Keywords: CD8+ T-cell response
Conditional ligand
Epitope mapping
HLA polymorphism
Issue Date: Apr-2013
Source: Chang, C.X.L., Tan, A.T., Or, M.Y., Toh, K.Y., Lim, P.Y., Chia, A.S.E., Froesig, T.M., Nadua, K.D., Oh, H.-L.J., Leong, H.N., Hadrup, S.R., Gehring, A.J., Tan, Y.-J., Bertoletti, A., Grotenbreg, G.M. (2013-04). Conditional ligands for Asian HLA variants facilitate the definition of CD8+ T-cell responses in acute and chronic viral diseases. European Journal of Immunology 43 (4) : 1109-1120. ScholarBank@NUS Repository.
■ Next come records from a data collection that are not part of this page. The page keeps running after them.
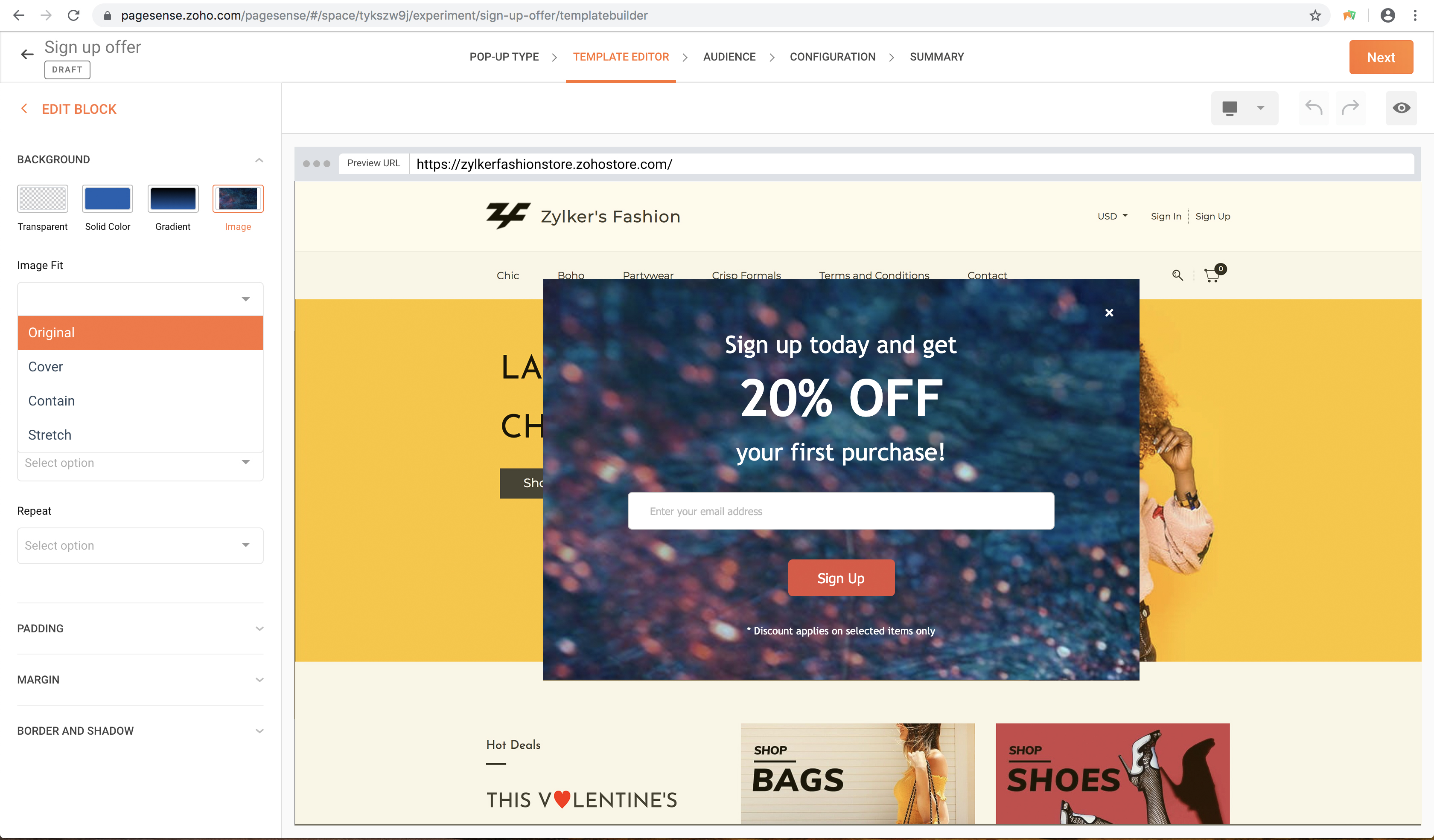 画像: コンピュータから画像を選択して、ポップアップの背景に適用します。
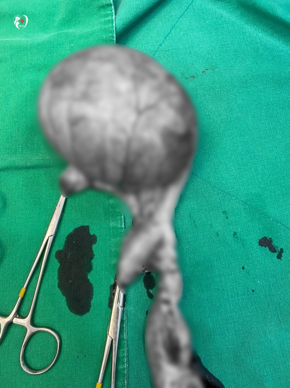 개복을 하고 확장된 자궁을 복강 밖으로 내보내 보았습니다.
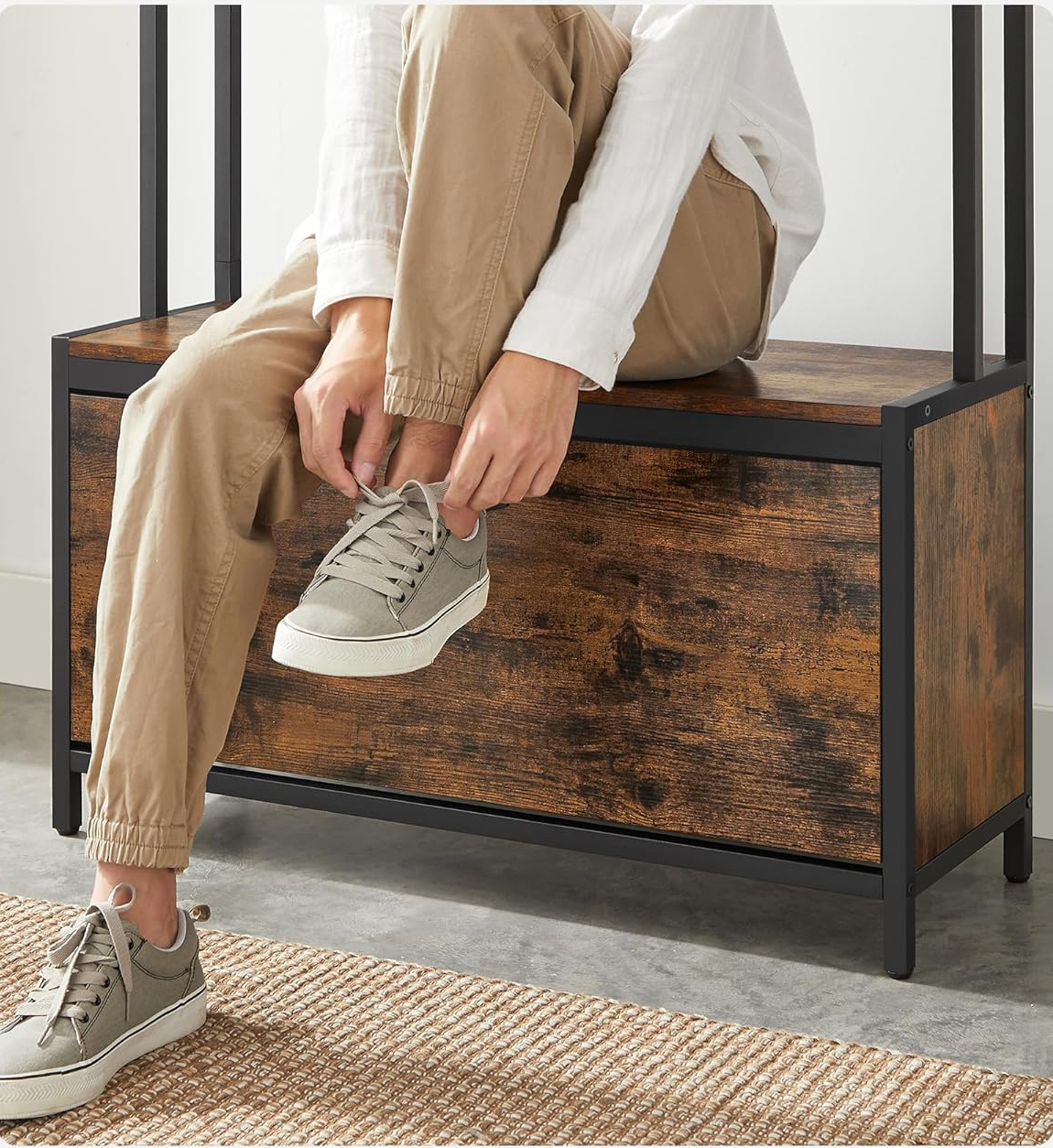 Transforma intrarea intr-un spatiu ordonat si primitor cu acest cuier de hol cu dulap pentru pantofi VASAGLE. Conceput pentru organizare eficienta, modelul combina intr-o singura piesa un cuier metalic, o banca pentru hol, un dulap pentru pantofi cu usa rabatabila si un raft superior pentru decoratiuni sau accesorii. Finisajul maro rustic si cadrul din otel negru completeaza perfect un decor in stil industrial.
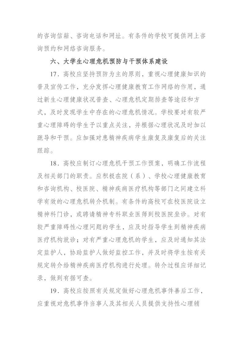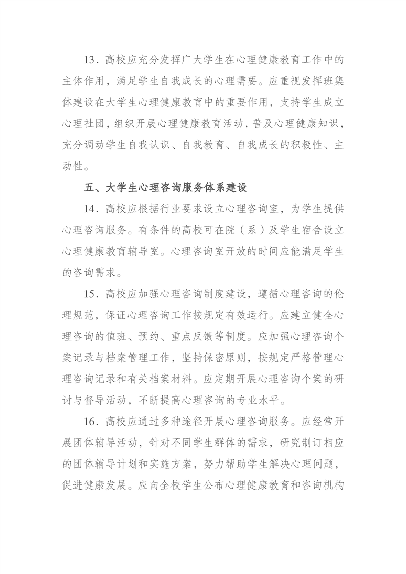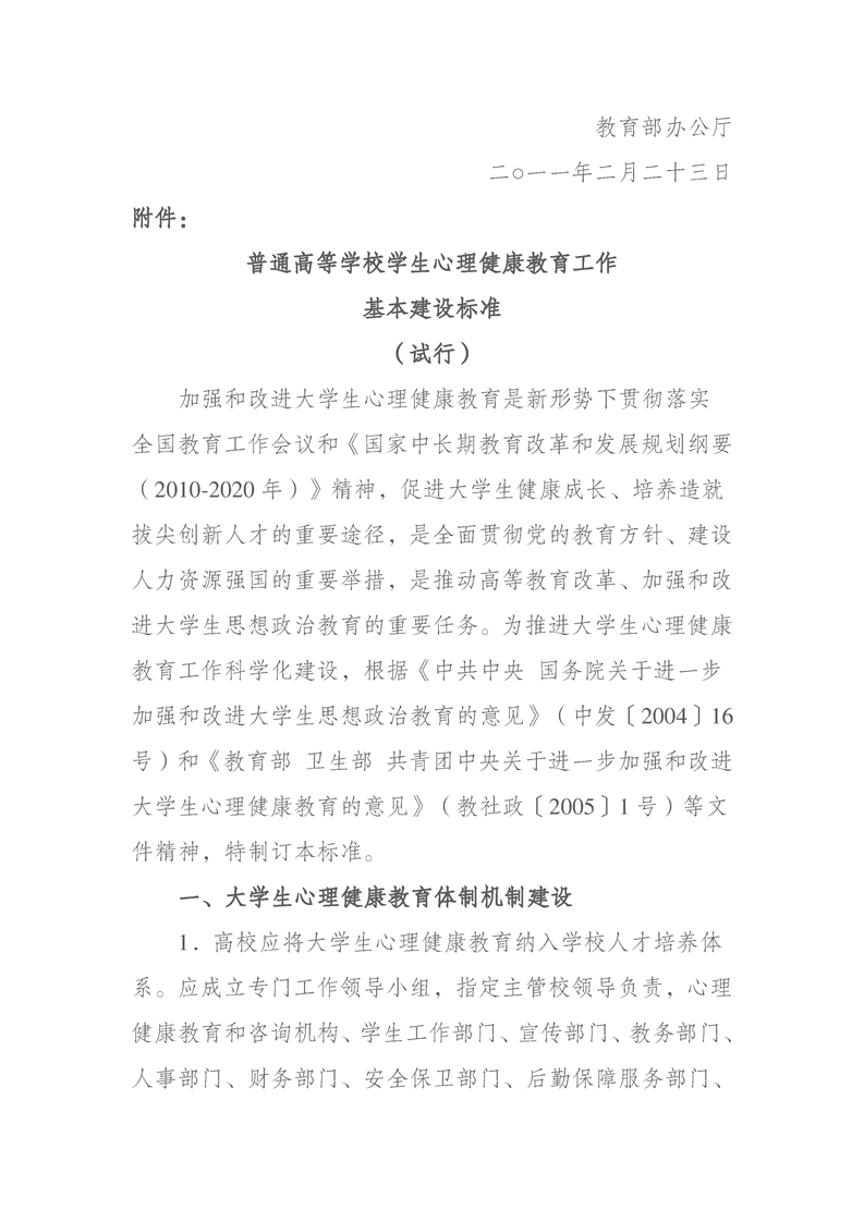 教育部办公厅关于印发《普通高等学校学生心理健康教育工作基本建设标准(试行)》的通知
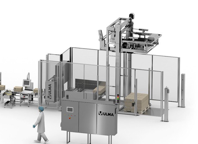 Schließlich werden mit Hilfe eines mechanischen Palettiersystems die Paletten mit den Kartons, die die Verpackungen enthalten, über den Paletten gebildet.
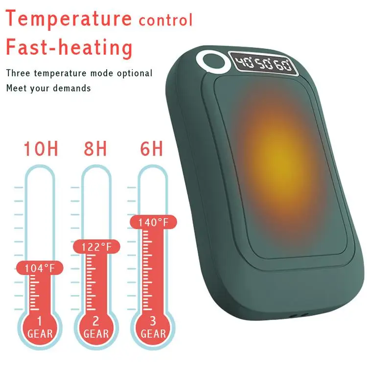 2. It supports long-lasting fever-fast fever in 3 seconds. There are 3 kinds of display temperature of 40℃/50℃/60℃, you can adjust the temperature according to your needs, 10 hours at 40℃, 8 hours at 50℃,,6hours at 60℃, 10 hours at 60℃, the most hand warmers on the market can only work for 4 hours. A single full charge takes 3-6 hours.
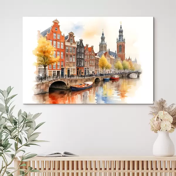 Peintures Un paysage urbain coloré à l'aquarelle d'Amsterdam avec des maisons de canal hollandaises traditionnelles et des bateaux sur l'eau s40561
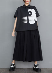 Plus Size Black Peter Pan Collar Print Cotton Shirt Tops Summer
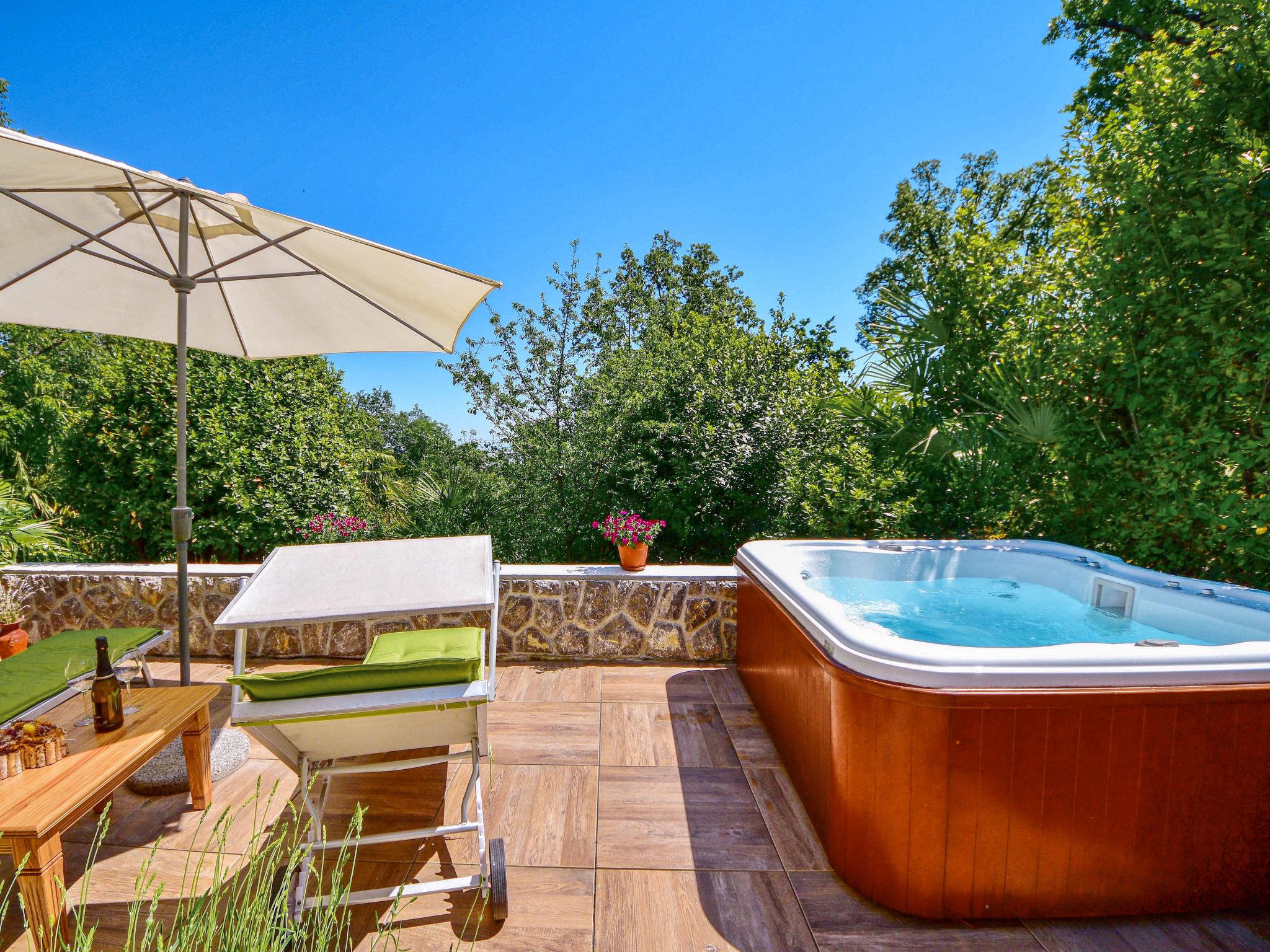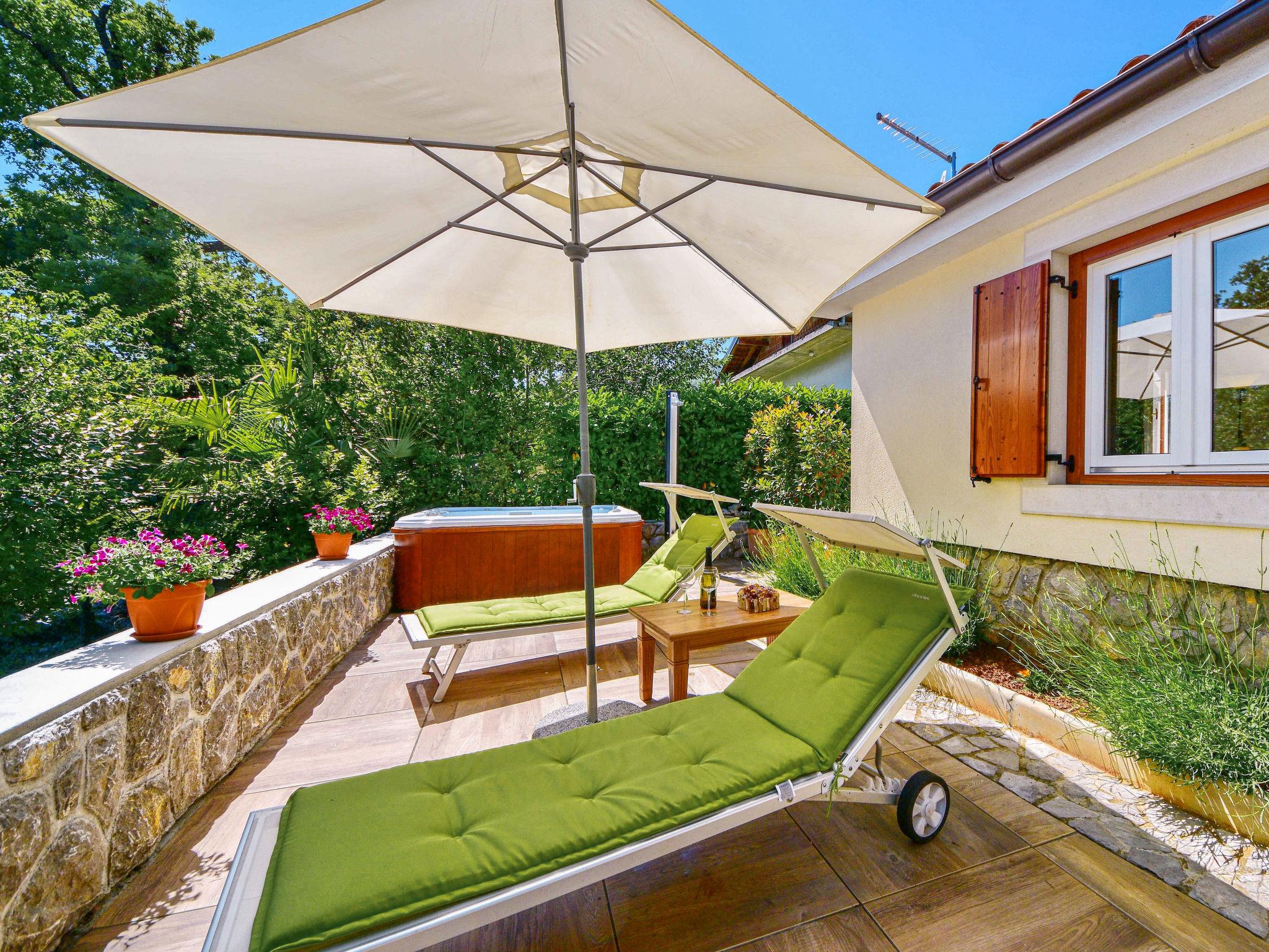 Pobri: Single-family house "Beni", built in 2013. 2.5 km from the centre of Opatija, 2.5 km from the sea, 2.5 km from the beach, in the countryside. For shared use: property 850 m2. Garden furniture, barbecue. Private: hot tub. In the house: internet access. Parking at the house on the premises. Shop 350 m, supermarket 1.8 km, restaurant 500 m, bus stop 16 m, pebble beach 2.5 km, concrete beach 2.5 km.

Abstract: Conditional ligands have enabled the high-throughput production of human leukocyte antigen (HLA) libraries that present defined peptides. Immunomonitoring platforms typically concentrate on restriction elements associated with European ancestry, and such tools are scarce for Asian HLA variants. We report 30 novel irradiation-sensitive ligands, specifically targeting South East Asian populations, which provide 93, 63, and 79% coverage for HLA-A, -B, and -C, respectively. Unique ligands for all 16 HLA types were constructed to provide the desired soluble HLA product in sufficient yield. Peptide exchange was accomplished for all variants as demonstrated by an ELISA-based MHC stability assay. HLA tetramers with redirected specificity could detect antigen-specific CD8+ T-cell responses against human cytomegalovirus, hepatitis B (HBV), dengue virus (DENV), and Epstein-Barr virus (EBV) infections. The potential of this population-centric HLA library was demonstrated with the characterization of seven novel T-cell epitopes from severe acute respiratory syndrome coronavirus, HBV, and DENV. Posthoc analysis revealed that the majority of responses would be more readily identified by our unbiased discovery approach than through the application of state-of-the-art epitope prediction. This flow cytometry-based technology therefore holds considerable promise for monitoring clinically relevant antigen-specific T-cell responses in populations of distinct ethnicity. © 2012 WILEY-VCH Verlag GmbH & Co. KGaA, Weinheim.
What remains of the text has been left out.